Мама, хлопнув три раза в ладоши, откинула крышку. Сверху желтела банка леденцов. Но она почему-то оказалась легкой, и в ней что-то перекатывалось. Я нечаянно уронил ее на пол, банка зазвенела и раскрылась. На паркет выкатился осколок железа и свернутая в трубочку бумажка. Марта развернула листок и прочитала: «Когда-то он был горячим и злым и, пробив ватник, впился в руку». Мама сдвинула брови, ее лоб прорезала ровная черточка.
Потом вынули часы, карандаши и даже сахар. Но когда появилась кожаная кобура, правда чуть потертая, но зато, как сказала Марта, «стреляная», я забыл обо всем, убежал в кабинет и, достав из-под матраца маленький игрушечный наган, выпрыгнул из окна в сад.
На заборе сидел Сенька и жевал жмых. Он глядел на грачиные гнезда, задрав голову, и сплевывал через зубы, Я дернул его за грязный палец босой ноги и спросил:
— Может, подеремся?
— Аппетита нету. Надоело… — Сенька спрыгнул с забора и тут увидел наган и кобуру. — Взаправдашний, а? Дай, погляжу.
— Видал? Ишь чего захотел — погляжу… Да я тебя сейчас убью. Понял?
Сенька захохотал, держась обеими руками за живот. Голова его тряслась, глаза стали маленькими.
— Убью!… Да на, убей, коли сможешь. Я те все зубы пересчитаю.
Попахивало дракой. Во мне закипала злость, в Сеньке тоже.
Мы тяжело задышали, выжидая, и покусывали губы. Но тут за Сенькиной спиной заголосил петух. Сенька вздрогнул и запустил в него жмыхом.

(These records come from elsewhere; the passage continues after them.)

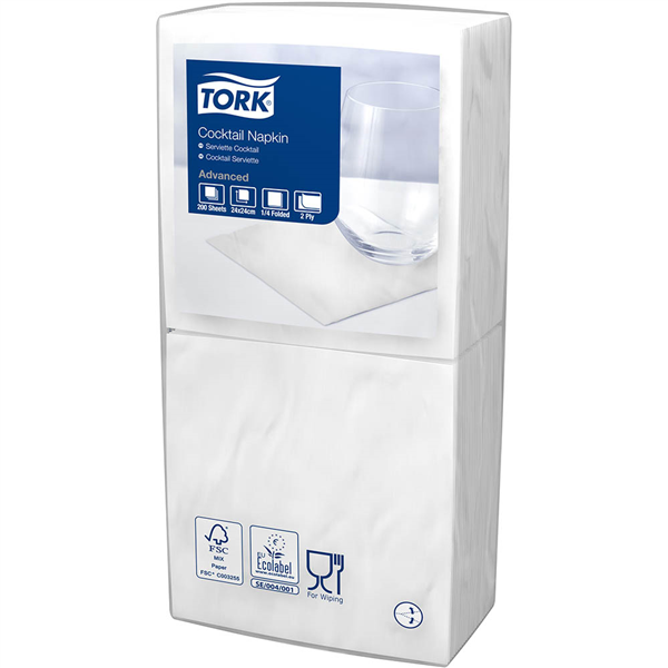 Tork 2-ply cocktail napkins are the perfect size for any function or event Super soft and thick napkin Perfect size cocktail napkins complements the bar and the serving of savories Enhance your customers dining experience Perfect size for any function or event Sharp edge emboss designed to impress your guests
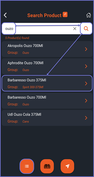 Proceed and search for a desired Product by typing the Product name or by using the mobile Barcode Scanner option at the bottom of the screen
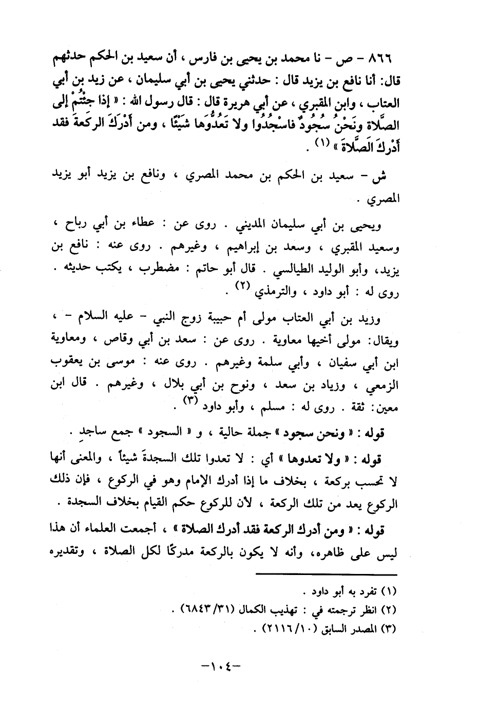 866- ص- نا محمد بن يحيى بن فارس، أن سعيد بن الحكم حدثهم قال: نا نافع بن يزيد قال: حدثني يحيى بن أبي سليمان، عن زيد بن أبي العتاب، وابن المقبري، عن أبي هريرة قال: قال رسول الله: "إذا جئتُم إلى الصلاة ونَحْنُ سُجُود فاسْجُدُوا ولا تَعُدوَها شَيْئًا، ومن أدرَكَ الركَعة فقد أدْركَ الَصَلاةَ " (1) .
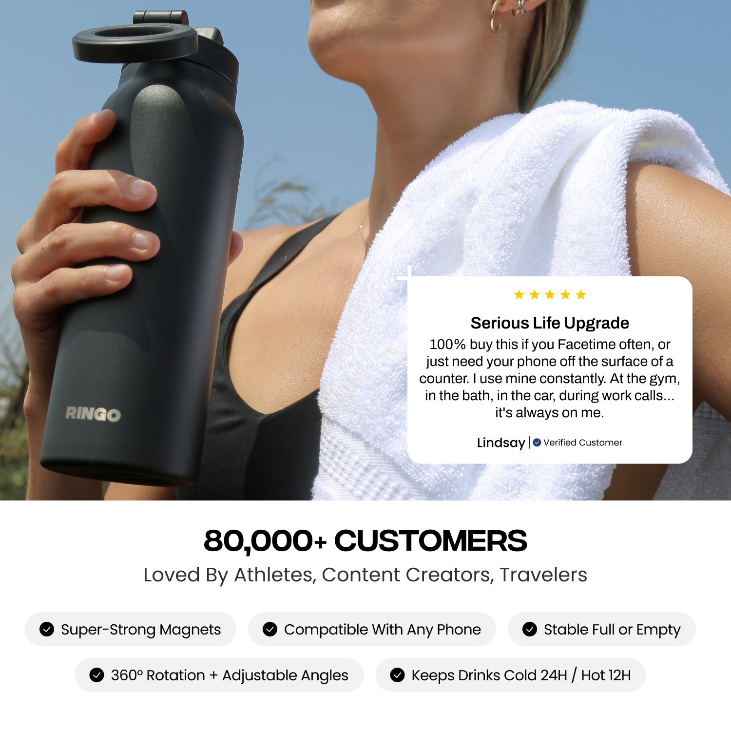 Hydration + Phone Mount in One → Stay refreshed and film hands-free.
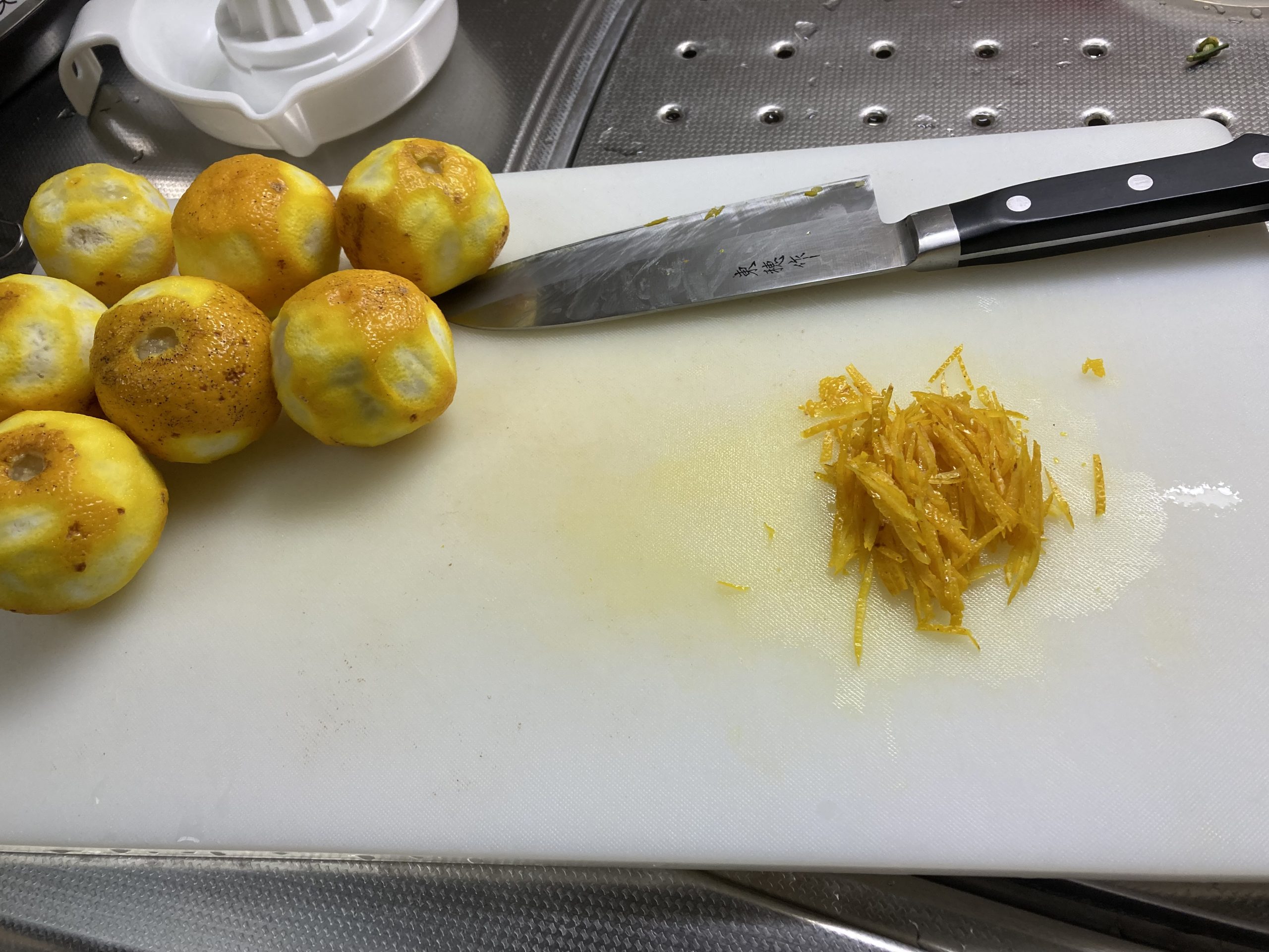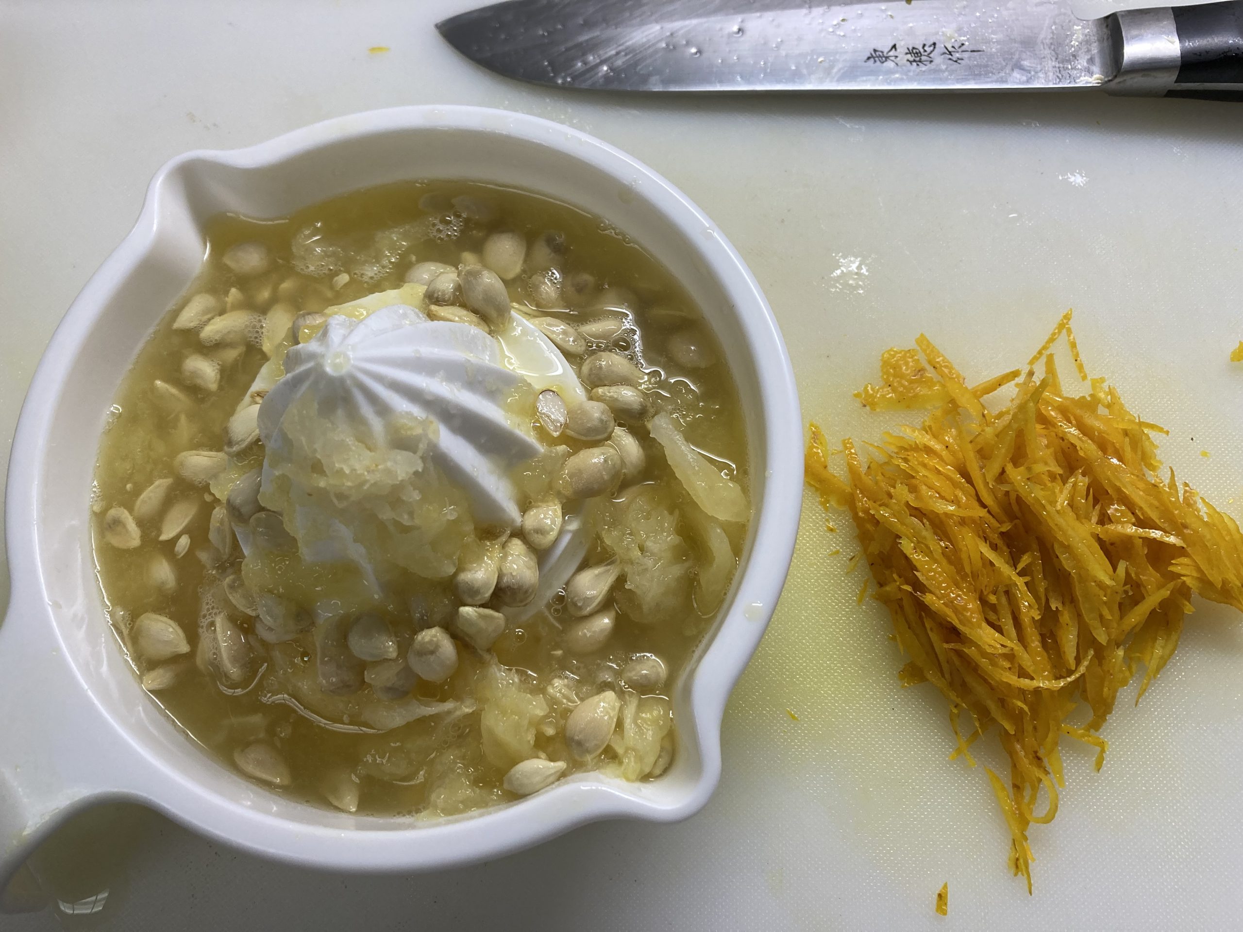 柚子の皮の綺麗なところを 千切りにして、果肉はしぼって
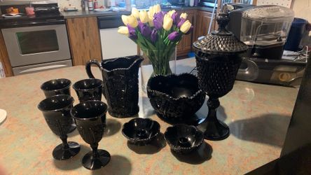 Vintage Tiara Cameo Black Indiana Glass Diamond Point Goblets Vintage Tiara Cameo Black Indiana Glass Diamond Point Set $225Lexington, NC

Петух отскочил, еще истошней закричал, коротенькими шажками подобрался к жмыху и принялся нервно клевать.
Сенька исподлобья глядел на меня, и его конопатое лицо горело. Я, сам того не ожидая, протянул ему руку и сказал:
— Помиримся…
— Давай, — согласился Сенька.
Мы помолчали. Сели на камни. На макушке старой липы сидел черный грач, держа в клюве ветку, и презрительно смотрел на землю.
— Айда ко мне в сарай. Я тебе тоже покажу.
Сенька поднялся, вытер руки о штаны и деловито потрогал кобуру:
— Штука хорошая.
И мы пошагали. Солнце вспыхивало на стеклах, калило крыши. Мягкий асфальт обжигал пятки. Сенька щедро улыбался, весело щурился на солнце, будто ему нипочем ослепительно жаркий свет.
В сарае прохладно пахло землей. Я уселся на топчан. Сенька выкатил из-за досок самокат и заступил на него, как на трон.
— Сам сделал.
На ручке висел красный лоскут — флажок, а впереди тускло блестела звезда, вырезанная из жести.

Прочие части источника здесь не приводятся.